- **Exercise**: Copy exactly the lines of the data below that run from the line holding "Op reis gaan" through the line holding "최근 우원식 국회의장이", both ends included.

- **Information shown**:
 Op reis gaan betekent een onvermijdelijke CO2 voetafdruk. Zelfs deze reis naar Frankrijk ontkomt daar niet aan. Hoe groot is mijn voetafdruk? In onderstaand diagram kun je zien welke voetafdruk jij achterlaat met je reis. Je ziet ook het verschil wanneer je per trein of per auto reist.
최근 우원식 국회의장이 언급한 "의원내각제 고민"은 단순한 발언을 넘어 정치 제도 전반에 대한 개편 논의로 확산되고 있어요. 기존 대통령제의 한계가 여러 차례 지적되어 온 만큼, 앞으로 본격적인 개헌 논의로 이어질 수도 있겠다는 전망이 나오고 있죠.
* * *
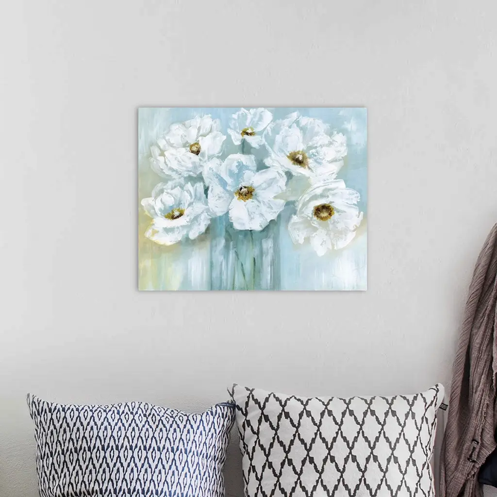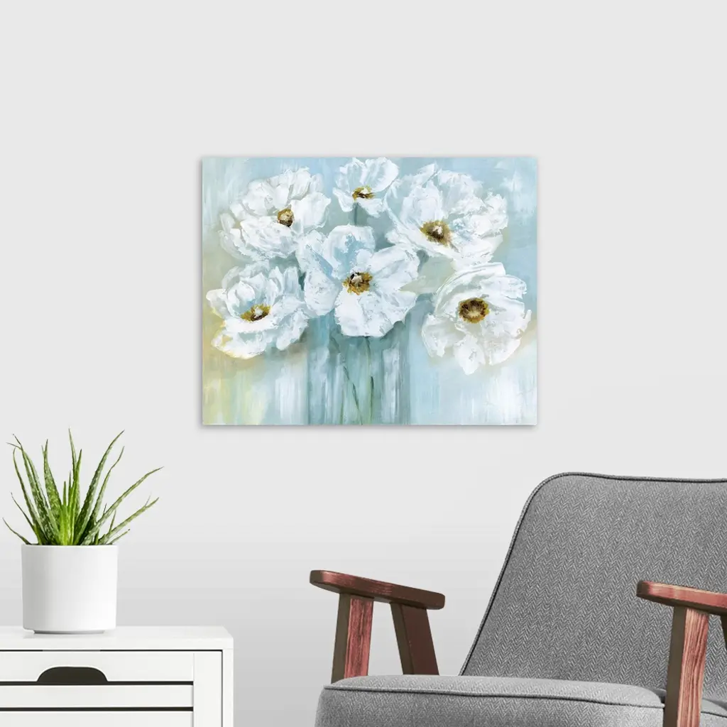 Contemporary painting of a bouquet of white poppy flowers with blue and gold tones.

- **Expected output**:
 Op reis gaan betekent een onvermijdelijke CO2 voetafdruk. Zelfs deze reis naar Frankrijk ontkomt daar niet aan. Hoe groot is mijn voetafdruk? In onderstaand diagram kun je zien welke voetafdruk jij achterlaat met je reis. Je ziet ook het verschil wanneer je per trein of per auto reist.
최근 우원식 국회의장이 언급한 "의원내각제 고민"은 단순한 발언을 넘어 정치 제도 전반에 대한 개편 논의로 확산되고 있어요. 기존 대통령제의 한계가 여러 차례 지적되어 온 만큼, 앞으로 본격적인 개헌 논의로 이어질 수도 있겠다는 전망이 나오고 있죠.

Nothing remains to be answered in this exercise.